Sure it works to test out 10 datatset and whatever number of different machine learning, but it takes time and money and might be suboptimal from an engineering POV.
> This embodies the very fundamental difference between science and engineering.
Not really though. In engineering, you have heuristics, even if you don't know why they work. In the case of deep learning / AI, there seems to be very little in the way of built up heuristic knowledge - it's just "try stuff and see what works for every problem".
I think if this was truly the case then wouldn't ML algorithm development be a solved problem with AutoML? I don't think AutoML is close to ubiquitous which means there must still be value in heuristics and a deeper understanding of our tools.
I think that's also the difference between science and engineering: has the tool/technology been around enough to learn heuristics, or is everything still in the "fuck around and find out" phase?
The hammer analogy doesn't make much sense because for a hammer we can actually use our scientific knowledge to compute the best possible way to hold the tool, and we can make instruments that are better than hammers, like pneumatic hammers, pile drivers, etc.
With your argument, we would be stuck with the good old, but basic hammer for the rest of time.
That seems like a different analogy; making better hammers is a different thing than understanding why holding a hammer a certain way works well. We did eventually invent enough physics to understand why we hold hammers where we do, but we got really far just experimenting without first principles. And even if we use first principles, we are going to discover a lot more by actually using the modified hand-held hammer and testing it, than necessarily hitting it out of the park with great physical modeling of the hammer and the biomechanics of the human body.
And in any case, I'm not saying we shouldn't search for deep understanding of what hyperparameters work on a first try, I'm just saying there's a good chance that even if the principles are fully discovered, it may be that calculating using those principles is more expensive than a bunch of experimentation and won't matter in the end.

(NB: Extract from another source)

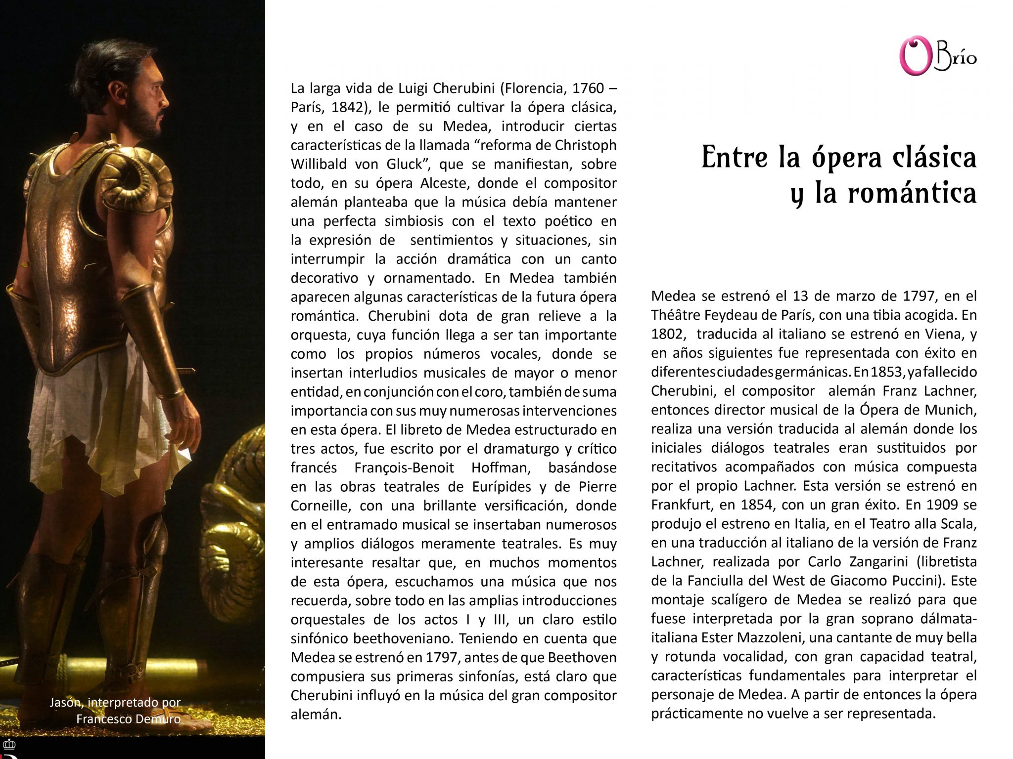 La larga vida de Luigi Cherubini (Florencia, 1760 – París, 1842), le permitió cultivar la ópera clásica, y en el caso de su Medea, introducir ciertas características de la llamada “reforma de Christoph Willibald von Gluck”, que se manifiestan, sobre todo, en su ópera Alceste, donde el compositor alemán planteaba que la música debía mantener una perfecta simbiosis con el texto poético en la expresión de sentimientos y situaciones, sin interrumpir la acción dramática con un canto decorativo y ornamentado. En Medea también aparecen características de la futura ópera romántica. Cherubini dota de gran relieve a la orquesta, cuya función llega a ser tan importante como los propios números vocales, donde se insertan interludios musicales de mayor o menor entidad, en conjunción con el coro, también de suma importancia con sus muy numerosas intervenciones en esta ópera. El libreto de Medea estructurado en tres actos, fue escrito por el dramaturgo y crítico francés François-Benoit Hoffman, basándose en las obras teatrales de Eurípides y de Pierre Corneille, con una brillante versificación, donde en el entramado musical se insertaban numerosos y amplios diálogos meramente teatrales. Es muy interesante resaltar que, en muchos momentos de esta ópera, escuchamos una música que nos recuerda, sobre todo en las amplias introducciones orquestales de los actos I y III, un claro estilo sinfónico beethoveniano. Teniendo en cuenta que Medea se estrenó en 1797, antes de que Beethoven compusiera sus primeras sinfonías, está claro que Cherubini influyó en la música del gran compositor alemán.

That's the trick about science, it's more about finding the right question to answer than how to find answers, and often times the best questions only become apparent afterwards.
> Like picking hyperparamters - time and time again I've asked experts/trainers/colleagues: "How do I know what type of model to use? How many layers? How many nodes per layer? Dropout or not?" etc etc And the answer is always along the lines of "just try a load of stuff and pick the one that works best".
> To me, that feels weird and worrying. It's like we don't yet understand ML properly yet to definitively say, for a given data set, what sort of model we'll need.
This embodies the very fundamental difference between science and engineering. With science, you make a discovery, but rarely do we ask "what was the magical combination that let me find the needle in the haystack today?" We instead just pass on the needle and show everyone we found it.
Should we work on finding out the magic behind hyperparameters? In bioinformatics, the brilliant mathematician Lior Pachter once attacked the problem of sequence alignment using the tools of tropical algebra: what parameters to the alignment algorithms resulted in which regimes of solutions? It was beautiful. It was great to understand. But I'm not sure if it even ever got published (though it likely did). Having reasonable parameters is more important than understanding how to pick them from first principles, because even if you know all the possible output regimes for different segments of the hyper parameter space, really the only thing we care about is getting a functionally trained model at the end.
Sometimes deeper understanding provides deeper insights to the problems at hand. But often, they don't, even when the deeper understanding is beautiful. If the hammer works when you hold it a certain way, that's great, but understanding all possible ways to hold a hammer doesn't always help get the nail in better.